Le premier congrès pan-russe des syndicats, lui, se réunit les 7-11 janvier 1918, avec des délégués bolcheviks, mencheviks et SR. Il adopte un texte qui revient largement sur la logique du décret sur le contrôle ouvrier. Il est affirmé que « pour que le contrôle ouvrier puisse apporter le maximum d’avantages au prolétariat, il est nécessaire de rejeter une fois pour toutes toute idée d’éparpiller ce contrôle en donnant aux ouvriers des entreprises le droit de prendre des décisions ayant valeur opératoire sur des questions qui affectent la vie même de leur entreprise ». Les comités d’usine doivent opérer sur « la base d’un plan général formulé par les instances supérieures du contrôle ouvrier et les organes qui décident de l’organisation de l’économie ». Enfin, il faut rendre « clair à leurs délégués » le fait que le contrôle ne signifie pas le transfert de l’entreprise aux ouvriers en général ou à n'importe qui, « le contrôle ouvrier n’étant que le premier pas vers la socialisation ».
Certains délégués bolcheviques et des syndicalistes dénonçaient alors une politique gouvernementale qui trahissait « la classe ouvrière en supprimant le contrôle ouvrier pour lui substituer la direction unique de l’entreprise, abandonnant les comités d’usine, enfants chéris de la révolution, pour le syndicat qui édictait décrets et sanctions en guise de démocratie dans l’industrie ».
Un exemple du chaos autogestionnaire des conflits entre comités d'usine et organes supérieurs était la socialisation spontanée mise en place dans certaines usines, alors que l'Etat bolchevique cherchait d'abord à conserver une centralisation classique, l'efficacité plutôt que la dispersion anarchique.
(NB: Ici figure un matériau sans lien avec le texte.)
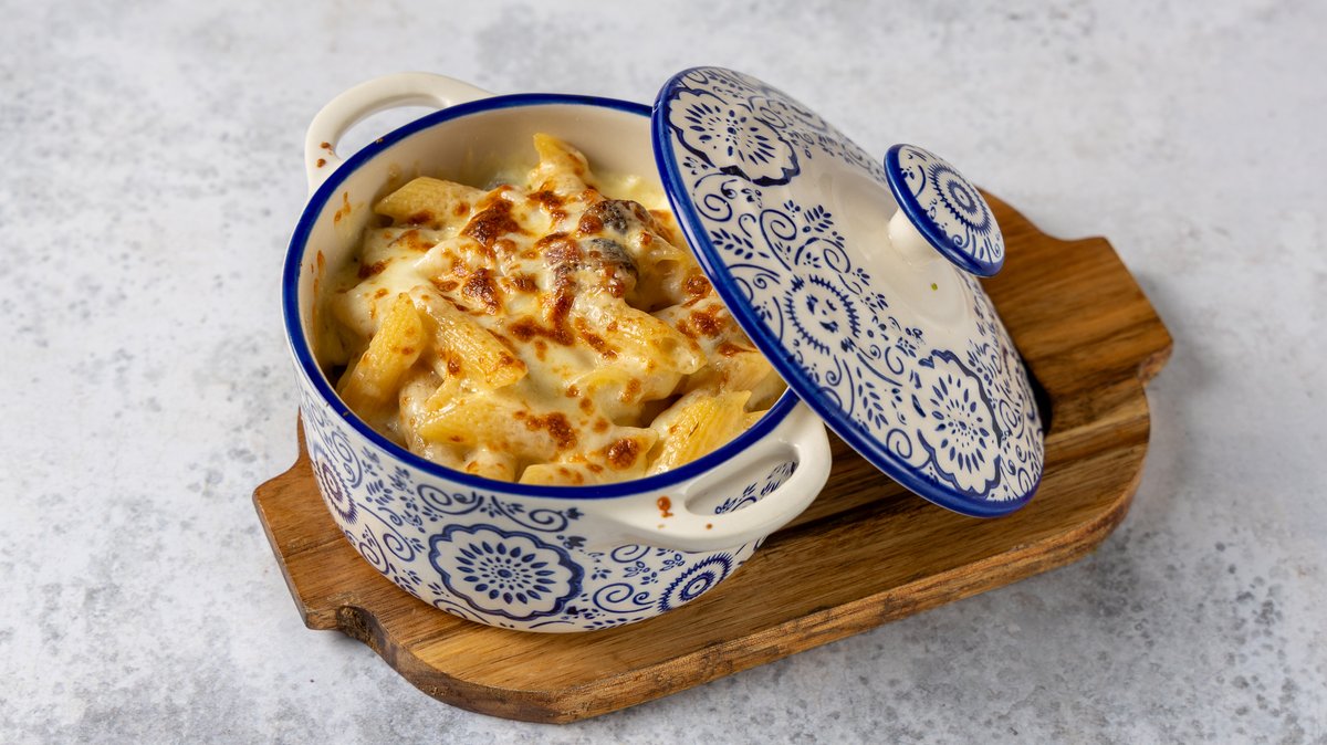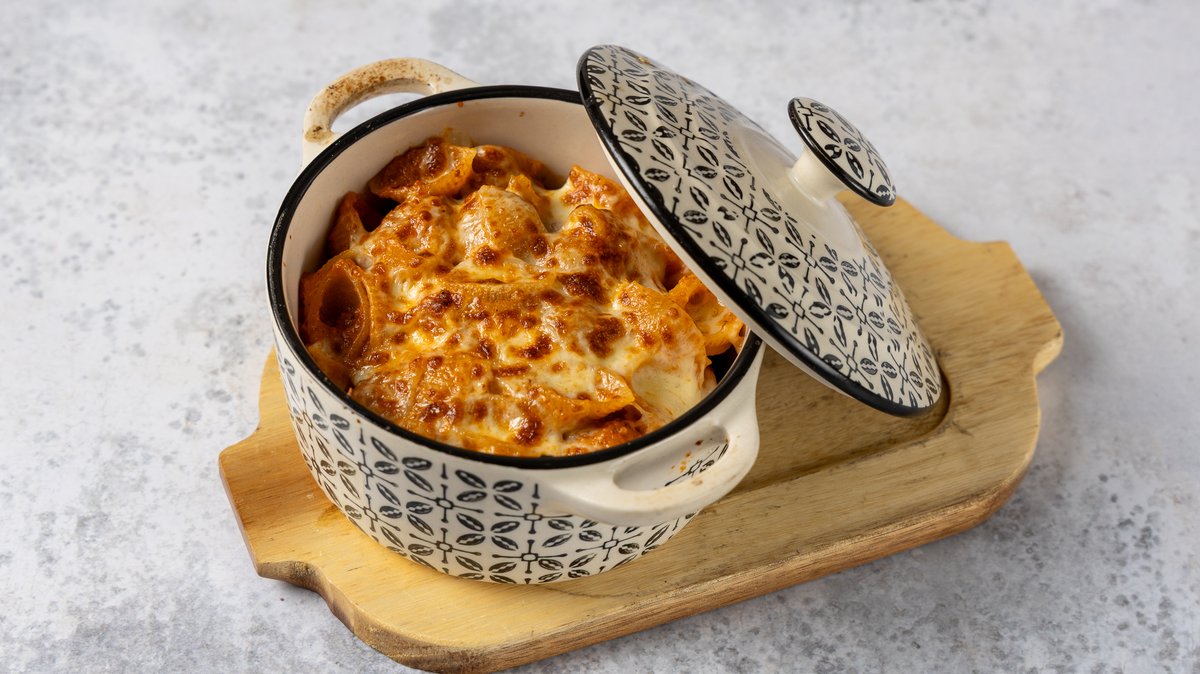Κοχύλια ψημένα στο ξυλόφουρνο με μοσχαρίσιο κιμά ragu bolognese, σιγομαγειρεμένο για 6 ώρες και κρέμα μοτσαρέλας

Les appareils syndicaux, « responsabilisés » à la reconstruction d'un Etat d'ordre, s’associaient aux décisions prises par le gouvernement « prolétarien » qui sélectionnait les types d’entreprise à nationaliser ou non, et sans direction collégial. La limitation des pouvoirs des comités d’usine dispersés, menait déjà au renforcement de celui des syndicats. L’Etat « prolétarien » va les contrôler de plus en plus étroitement, malgré les coups de collier de certains, le syndicat des cheminots en particulier... la quasi-totalité des délégués au 2e congrès des soviets en 1917 votent une résolution du menchevique Martov, soutenue par le bolchevique Lounatcharski, demandant que le Conseil des commissaires du peuple soit élargi à des représentants d’autres partis socialistes. Le puissant syndicat des cheminots, le Vikhjel, reprend cette revendication d'un Etat pour une palette démocratique. Cette revendication sera récusée malgré l'adjonction de deux ou trois ministres SR.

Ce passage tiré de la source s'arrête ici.